Recall from Blockchain Networks that blockchains achieve most1 of their Trustless properties by having the Validators of the network re-check the work of one another. This entails that everything that the blockchain does is public by default, or else other validators cannot re-check anything.

We emphasize “by default” because there are techniques to make this partially or fully private, but this involves cryptography primitives (see Moon Math - ZKP, FHE and MPC) and it is not the norm. As of today, almost all major blockchains operate fully in public, where every transaction and its details can be seen by anyone. Specific smart contracts attempt to provide privacy to users2, and a handful of blockchains are designed from the ground up to be private3.

The main remedy to this in public blockchains, so far, has been using pseudonymous accounts. In that a user’s identity is not mandatorily linked to an account ID that the blockchain recognizes4. If care is taken, it is possible to keep an account ID anonymous. So, even though anyone can see what an account does, they cannot easily know who it is. Yet, with limited On and Off Ramp options, it is almost always the case that the centralized exchanges can always link an identity to an account ID.

It is often said that having no privacy is the “original sin” of Bitcoin.

Digital

This point has been well emphasized as early as the second chapter, but perhaps it is easier to re-iterate it here: the full Trustless spectrum of blockchains can be best materialized if the State on top of which the blockchain is coming to consensus is fully digital, and has no dependency on an oracle to bridge real-world information to the blockchain. This is not to say that no such endeavor should be attempted, but it is something important to be aware of.

Ownerless

One of the properties of science-based trust is that they require much less support to operate. When you forget your Gmail password, you can contact Google and ask them to recover it for you, because at the end of the day they are the gatekeepers. If you lose your digital private key used in Ethereum, unfortunately there is no one to contact.

This is a double-edged sword; Trustless systems have fewer (if any) humans to control them. It makes them more resilient to corruption, but it also gives them this sense of being “ownerless”.

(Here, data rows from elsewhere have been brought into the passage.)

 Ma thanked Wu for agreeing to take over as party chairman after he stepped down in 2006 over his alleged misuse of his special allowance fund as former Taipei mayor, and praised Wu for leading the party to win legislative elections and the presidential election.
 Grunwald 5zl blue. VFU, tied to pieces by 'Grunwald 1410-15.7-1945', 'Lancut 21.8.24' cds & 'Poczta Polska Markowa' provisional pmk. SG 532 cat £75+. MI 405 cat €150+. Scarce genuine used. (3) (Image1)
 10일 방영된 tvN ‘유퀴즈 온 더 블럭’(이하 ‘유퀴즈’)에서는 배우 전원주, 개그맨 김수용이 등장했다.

Almost all blockchain companies, at least on the surface, hold the claim that they have little to no control over the protocol that they have built, and it is deployed and will survive on its own forever. Any upgrades, or fixes, are coordinated by various means of decentralized Governance.

This is somewhat of a pain point for the adoption of Web3 technologies. Unsurprisingly, no one feels comfortable doing business knowing there is no support hotline to fix issues if something goes wrong. Needless to say, many blockchain protocols have some form of support baked into them, either as a supporting company or foundation, or the governance system having promises.

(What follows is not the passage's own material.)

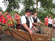 Wykonanie skomplikowanego herbu z ziół i zbóż nie był łatwy, ale nasze doświadczone w wykonywaniu wieńców panie, doskonale sobie z tym poradziły. Podczas uroczystego powrotu mogliśmy podziwiać zaprzęgi konne przystrojone kwiatami i kolorowymi wstążkami.

But, at the end of the day, it is a new paradigm, and we have to change our perspectives to trust the system rather than the supporting humans behind it.

Summary

Blockchains provide Trustless computation and storage primitives to developers to build applications that inherit those properties.

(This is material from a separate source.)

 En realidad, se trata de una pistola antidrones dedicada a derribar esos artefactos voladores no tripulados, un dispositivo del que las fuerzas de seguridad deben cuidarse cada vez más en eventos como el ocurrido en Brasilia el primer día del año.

As of now, blockchains do this in public, but this is not a fundamental limitation and with further performance improvements in the Moon Math - ZKP, FHE and MPC group of technologies, they could operate with much more privacy.

They suffer from a high cost and slow speed to achieve the Trustless properties. At first sight, it is clear that use-cases that are social, contentious and digital are best fitted to be implemented by blockchains.

Footnotes

  1. To be precise, 2 out of 3, the verifiability and auditability.

  2. RAILGUN, Tornado Cash, Aztec, ZAMA Stack

  3. Monero, ZCash

  4. Some chains allow you to optionally link an identity to your account ID, such as the ENS system in Ethereum.